History

United States
- Name: Zenobia
- Owner: Daniel Pinckney Parker, Boston
- Builder: J. Stetson, Medford, MA
- Launched: 1836
- Fate: Wrecked April 20, 1858

General characteristics
- Class & type: Full-rigged ship
- Tons burthen: 630 tons

= Zenobia (1836 ship) =

Zenobia was full-rigged ship built in Medford, Massachusetts, in 1837. She was known for transporting a cargo of ice from Sitka, Alaska, to San Francisco, California.

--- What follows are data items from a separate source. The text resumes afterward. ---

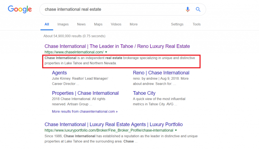 메타 설명이 Google 검색에서 콘텐츠 제목 아래 눈에 띄게 표시되는 방식을 보면 Google 알고리즘에서 메타 설명이 큰 역할을 한다고 쉽게 가정할 수 있습니다.
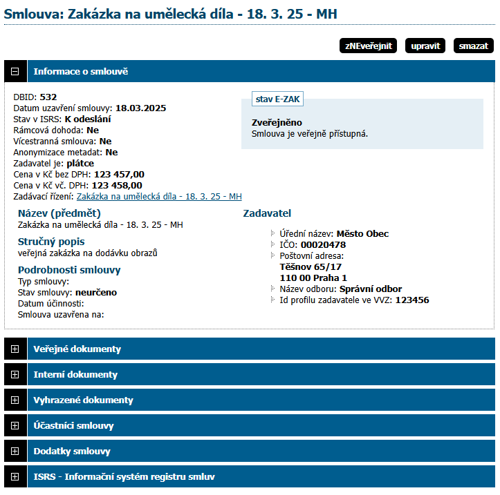 Při odeslání veřejného dokumentu ze zakázky do Registru/Katalogu smluv se vytvoří
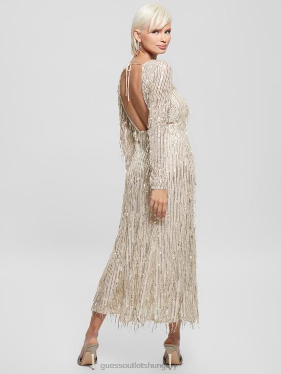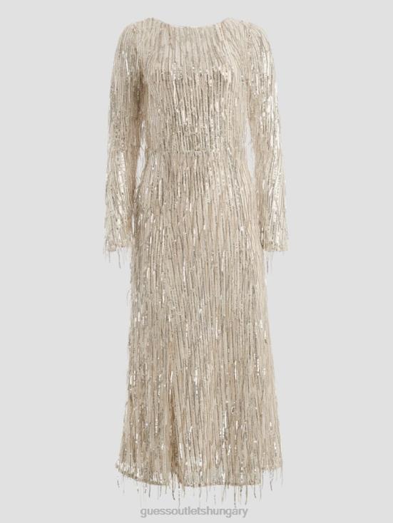 GUESS Off White Multi 8ZX4F737 Elodie Sequin Fringe Dress
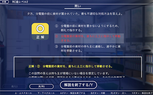 バーチャル現場で一定の経験を積むと、探索している現場に関連したテキストや画像問題が連続で15問出題されるドリルを用意しています。
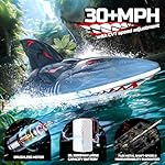 Freiheit für mehrere Spieler und LED-Lichter: Beherrsche die Gewässer mit diesem schnellen RC-Boot-Spielzeug, das über eine 2,4-GHz-Anti-Interferenz-Steuerungsfrequenz verfügt, die es dir und deinen Freunden ermöglicht, gemeinsam in Pools, Seen oder anderen Wasserarenen zu fahren, ohne dass sich die Signale kreuzen. Sein Coolness-Faktor wird durch die LED-Lichter verstärkt, die durch die haifischähnlichen Augen und Rücklichter leuchten und dieses Boot zu einem atemberaubenden Spektakel machen, wenn es durch das Wasser gleitet.
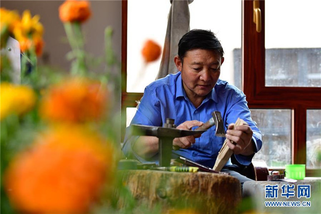 11月17日,芒擦藏刀匠人更求彭措在制作藏刀裝飾品。新華社記者 張龍 攝
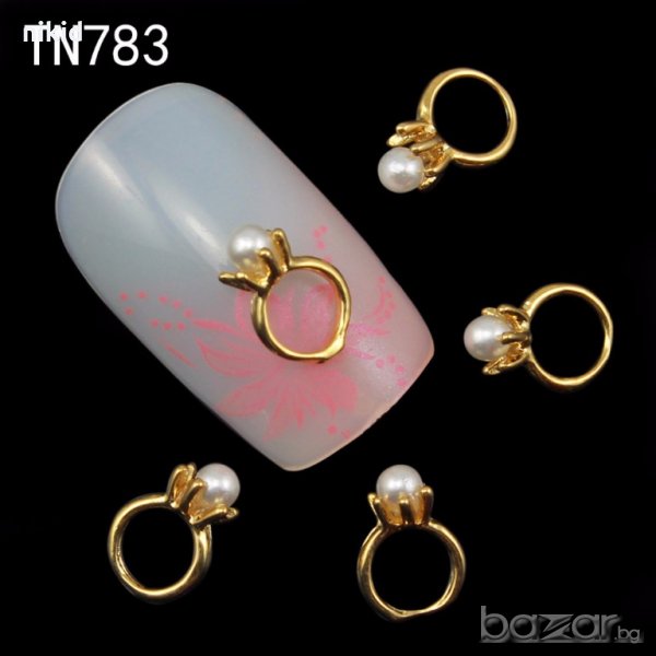 Сребрист Златист пръстен с перла бижу за нокти декорация украса за маникюр → Обява 19109348
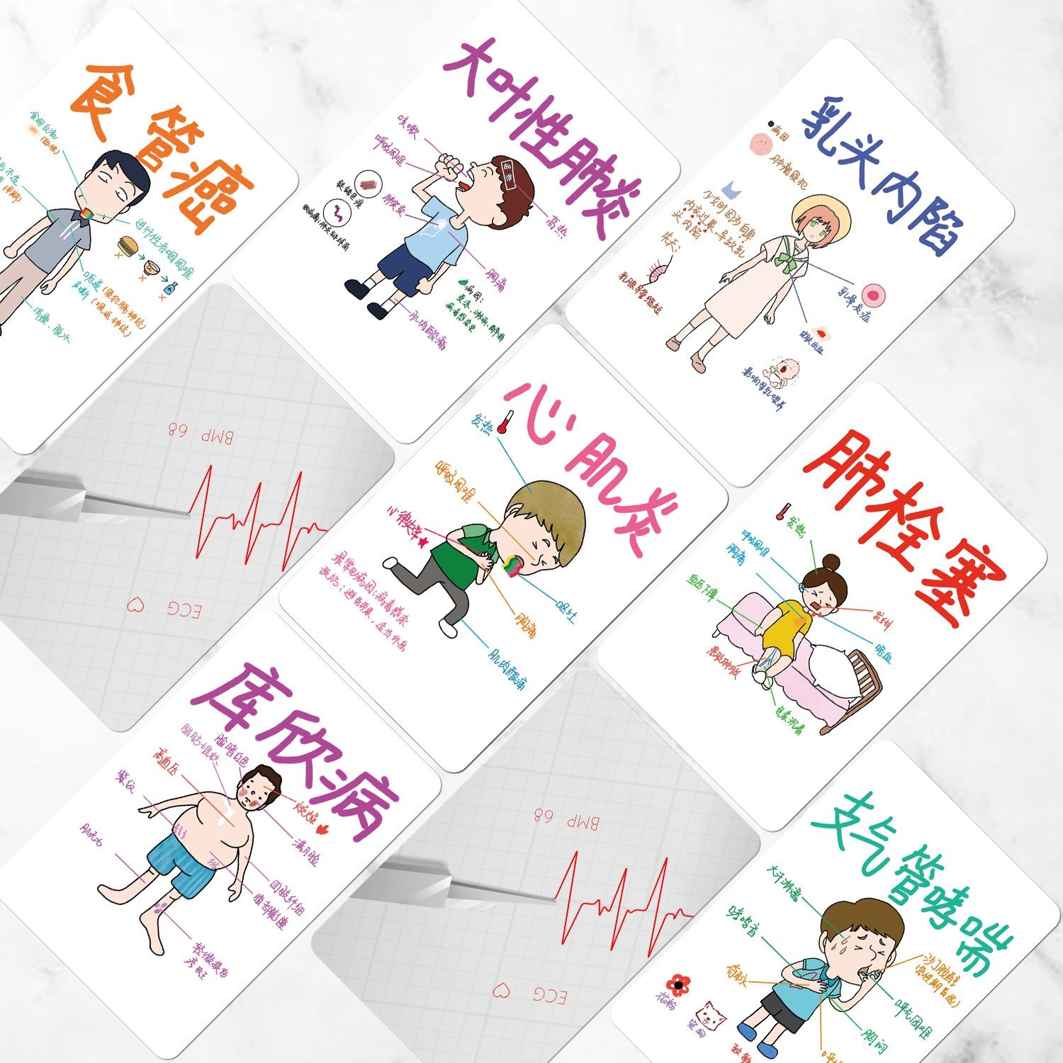医学笔记55张小卡片学生学习知识图解病症地理化学生物心理学贴纸
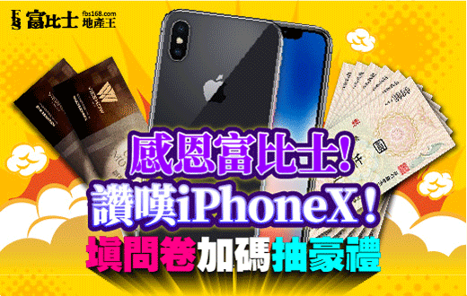 富比士地產王滿七歲嘍!為了歡慶七周年,富比士地產王將於臉書粉絲專頁舉辦「感恩富比士,讚嘆iPhone X,填問卷加碼抽豪禮」活動。獎項包括Apple iPhone X 64G、新光三越千元禮券、市價2180元的SoLaLa護手霜禮盒、市價1800元的SoLaLa漱口水禮盒,以及威秀影城電影票,民眾只需參加活動,並完成三個抽獎步驟,就有機會把這些獎品帶回家。

==Voyages under Capt. Lovejoy==
Captain H. B. Lovejoy, mate of Zenobia, was for many years a well-known maritime pilot on Puget Sound. He was born in Maine in 1805, spent the early part of his life after leaving home in the United States Navy, and came to the United States Pacific Coast in 1849. After a short stay in the mines he began sailing out of San Francisco to southern ports. He was for several years master of the bark Chalcedony, a famous northern trader in her day, and in 1858 was in the service of the Russian-American Trading Company, running between San Francisco and Alaska on Zenobia. He continued in this service until Zenobia was wrecked near San Francisco, when he went to Puget Sound and commenced piloting and steamboating. He died at Coupeville. Washington Territory, on July 6, 1872.

==Loss of the ship==
Zenobia, which had been sailing between Alaska and San Francisco in the service of the Russian-American Ice Company for several years, was lost off Point Bonita, California, on April 20, 1858, while attempting to sail into the entrance to San Francisco Bay without a pilot. She was under the command of Captain Tilden, was deeply loaded with ice. and struck a rock with such force that she became a complete wreck.